Town seeing big jump for home renovations
WEB Innisfail building permit project
Recent construction activity at the Innisfail Ski Hill for a new chalet, one of the few notable commercial type of projects in the town this year. Johnnie Bachusky/MVP Staff

INNISFAIL — Six months after the first shock of the COVID-19 pandemic, a report of building activity in town for the first eight months of the year shows the municipality is holding its own.

Meghan Jenkins, the town’s manager of community planning and sustainability, presented a report to town council at its Sept. 8 agenda and priorities meeting. She said building permit statistics for the first eight months of 2020 showed the town is on track to be close to 2019 end-of-year figures.

“I don’t think we will be far off,” said Jenkins.

She told council that for the first eight months of 2020, the municipality has seen a total building permit value of almost $4.6 million. The total building permit value for the first eight months of 2019 was nearly $7.7 million.

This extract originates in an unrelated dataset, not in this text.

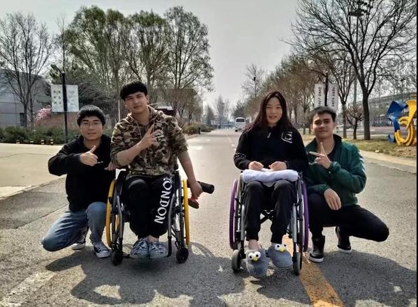 威廉希尔williamhill毕业生汪天棋(右一)和蒋宝宝(左一)担任残奥冠军张丽(右二)的康复师

While permit value is respectable, the total number of permits for all types, including residential, commercial and industrial, was less optimistic.

“We are definitely down in permit numbers, for sure,” said Jenkins, noting that as of Sept. 8, the town had received 67 for the first eight months of 2020. “Usually, we would be hitting that number some time in June.”

She said the municipality did not see any “big ticket” building permits in 2020 as it did in recent years, such as one for the $21.5-million Autumn Grove project in 2018, or the new $3.5-million EQUS headquarters last year.

However, she said the commercial activity in the town is still doing “all right,” with the bulk of permits coming for the new $1.5-million, 5,000-square-foot Mainroad Contracting shop in the town’s west end industrial park, the new $385,000 chalet at the Innisfail Ski Hill, as well as internal improvements at NoFrills.

Jenkins said the total commercial building permit value for the first eight months of 2020 was a little more than $3 million.

She said the value of industrial building permits for the same period was $32,200, with no construction activity at all for any institutional projects.

With residential, including renovations, the municipality recorded a little more than $1.5 million worth of building permits for the first eight months of 2020.

Jenkins said stats reveal the town is seeing far more permits for home improvements than in recent years.

“We are already almost double what we did all of last year for those types of projects, in the home renovation, garages decks category,” she said.

For all of 2019, the town recorded building permit values of $459,300 for garages, decks and renovations, while for the first eight months of 2020 there was close to $1.05 million.